Another delegate directly accused Metrolinx and Mayor Eisenberger and Councillors Aidan Johnson, Jason Farr, Matthew Green and Sam Merulla of lying, the most egregious form of unparliamentary language that should never be allowed in a legislative chamber. The Chair failed to call the delegate out on this violation but shut down Ward 2 Councillor Jason Farr when he tried to rebut it.
Yet another compared accepting Metrolinx funding to Judas Iscariot accepting 30 pieces of silver, and charmingly reminded the assembled councillors that Judas went on to hang himself.
And yet another pointedly warned the pro-LRT supporters they should dust off their resumes.
More than one other LRT opponent, unable to contain their basic contempt for Hamilton, insisted that what we really need is not transit for the city but rather transit out of the city.
Anti-LRT councillor Donna Skelly of Ward 7, who admits to actively collaborating with the anti-LRT group [MP3 link] despite having promised to respect and uphold Council's support for LRT, followed a pattern of asking blatantly leading and irresponsible questions of the anti-LRT delegates.
The LRT opponents on Council continue to make the misleading insinuation that if we reject LRT, we can still use the $1 billion funding commitment for something other than the approved plan.
This is false.
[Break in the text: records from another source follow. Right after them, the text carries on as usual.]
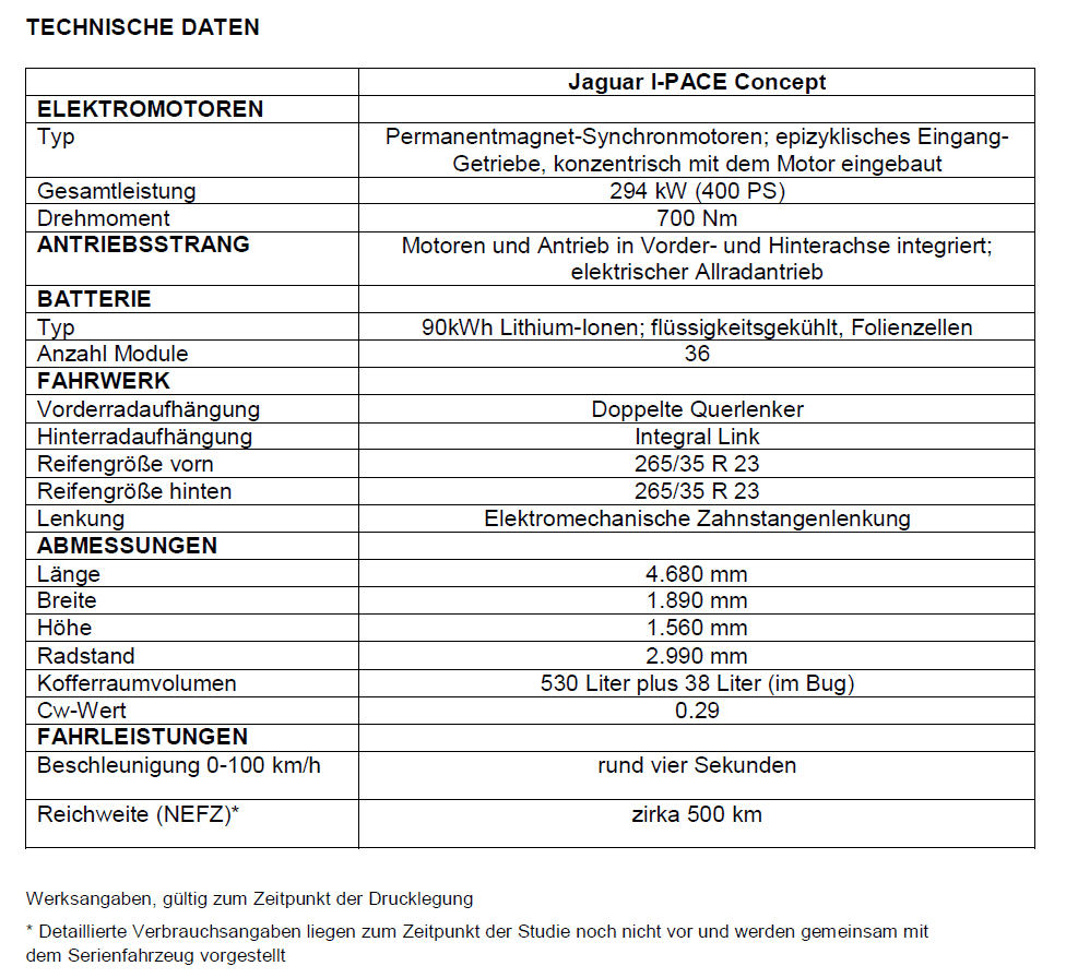 Das Design ist dabei schon jetzt schlüssig: klassische Jaguar-Elemente wie die flachen Heckleuchten und der charakteristische Grill, breite Schultern und eine dynamische Seitenlinie umschließen gut die weit nach vorn geschobene Passagierkabine. Das geht natürlich vor allem wegen dem E-Antrieb, dessen im Boden platzierte Akkus noch dazu für einen niedrigen Schwerpunkt sorgen. Überhaupt betont Jaguar gern die sportliche Seite dieses Stromers. Die Leistungsdaten passen: 400 PS und 700 NM Drehmoment aus zwei E-Motoren (Pro Achse einer) sorgen für eine 0-100-Zeit von rund 4 Sekunden. Die intelligente Allrad-Steuerung soll zudem für viel Traktion und Fahrspaß sorgen.
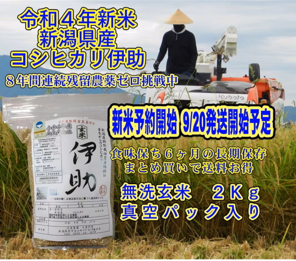 当農園の栽培したコシヒカリ伊助は、新潟県より無農薬・無化学肥料栽培の特別栽培農産物の指定を戴いています。
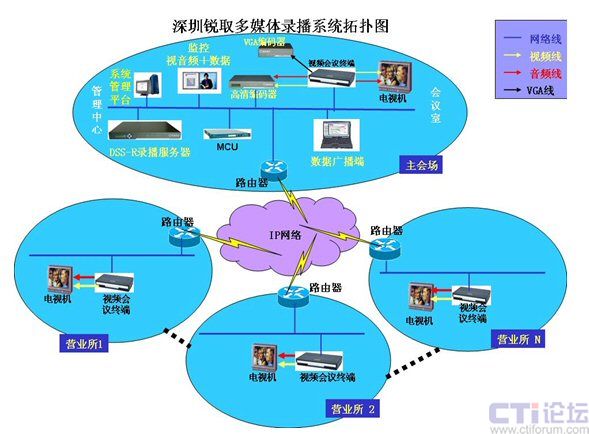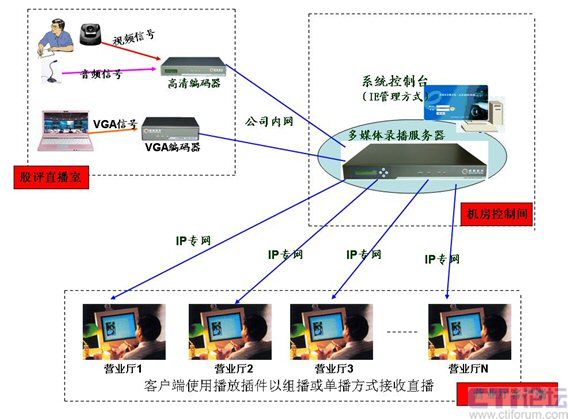 如上圖所示,在多媒體股評直播室中,股評師的講解圖像和聲音以及電腦中分析數(shù)據(jù)同步傳輸采集到控制機(jī)房中,通過多媒體錄播服務(wù)器直播模塊的組播方式將信息傳達(dá)給全國遍布的營業(yè)網(wǎng)點(diǎn),實現(xiàn)股評直播的需求。(權(quán)威股評師將在每天下午股市休市后對一天當(dāng)中股票大盤做一次全面的分析,并對本周或某行業(yè)的形式做一個全面的總結(jié),并對未來形勢做出判斷。)
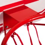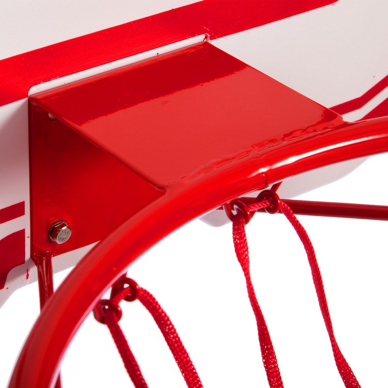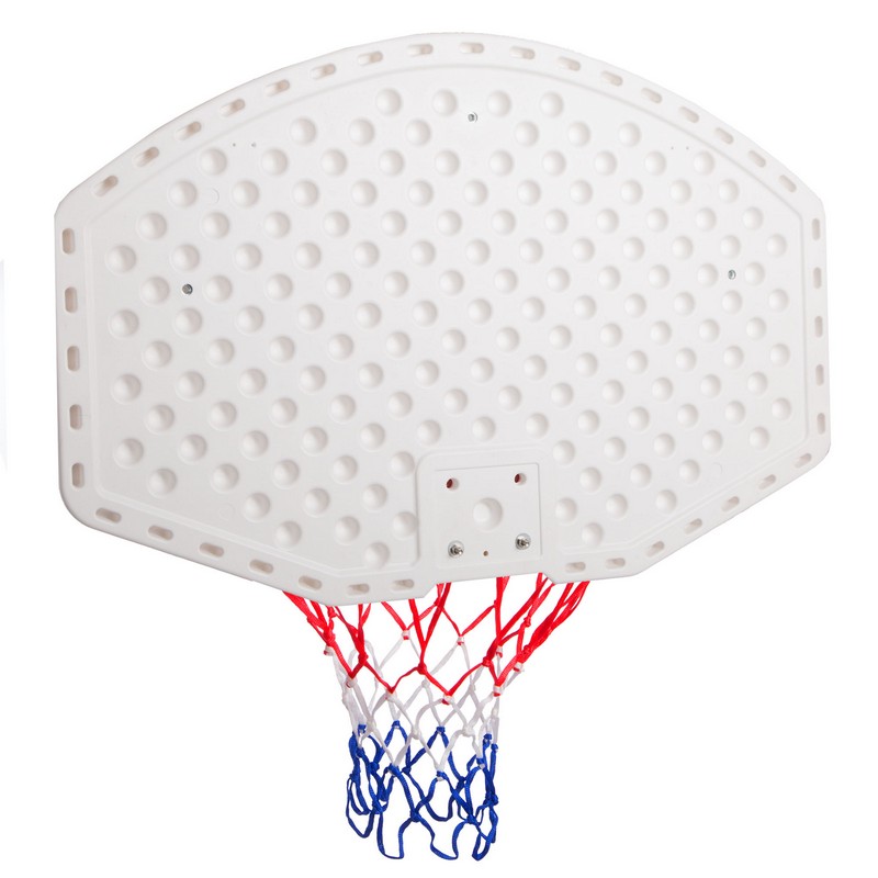 Баскетбольный щит имеет нестандартную форму и укомплектован кольцом и сеткой. Сетка имеет трёхцветный дизайн и выполнена из нейлона. Её наличие позволяет зафиксировать попадание мяча в корзину. Само кольцо имеет диаметр 45 см, что является стандартным для взрослых корзин. Такое кольцо совместимо с мячом 7 размера, однако также можно бросать в него и мячи поменьше. Несмотря на нестандартные размеры самого щита, на нём присутствует классическая разметка в виде квадрата над корзиной. Наличие такой разметки позволяет легче прицелиться из различных частей площадки и увеличить вероятность попадания в корзину. Щит выполнен из прочного полиэтилена и неприхотлив к условиям эксплуатации.

If we reject LRT, the money will be released back into the rapid transit fund and we will have to start from scratch to develop a new rapid transit funding request, a process that takes several years.
We would throw away a decade of planning that got us to where we are today and spend another decade getting back to this point again - if we ever do. What Provincial government would ever want to partner with a fickle City Council that can't keep its commitments?
You may be feeling exasperated with all the shenanigans on this long and winding file, but it's not over yet. We get to do it all over again on Tuesday, April 19, when Councillors will once again convene in a General Issues Committee to listen to more delegations (yes, there will be more delegations) and consider approving the EPR amendment they deferred at this meeting.
That means the work of LRT supporters is not over. Between now and April 19, we need as many voices to speak up in favour of transformative opportunity as possible.
We need supporters to evangelize this project with their families, friends and networks, send messages to Council, register to delegate at the next meeting, and create the space that Council clearly needs to bring itself to approve this important step before the project timeline goes into jeopardy.
More to come on this. Meanwhile, stay hopeful: the narrow voices of cynicism and fear may have had their day, but they will not decide the fate of this city.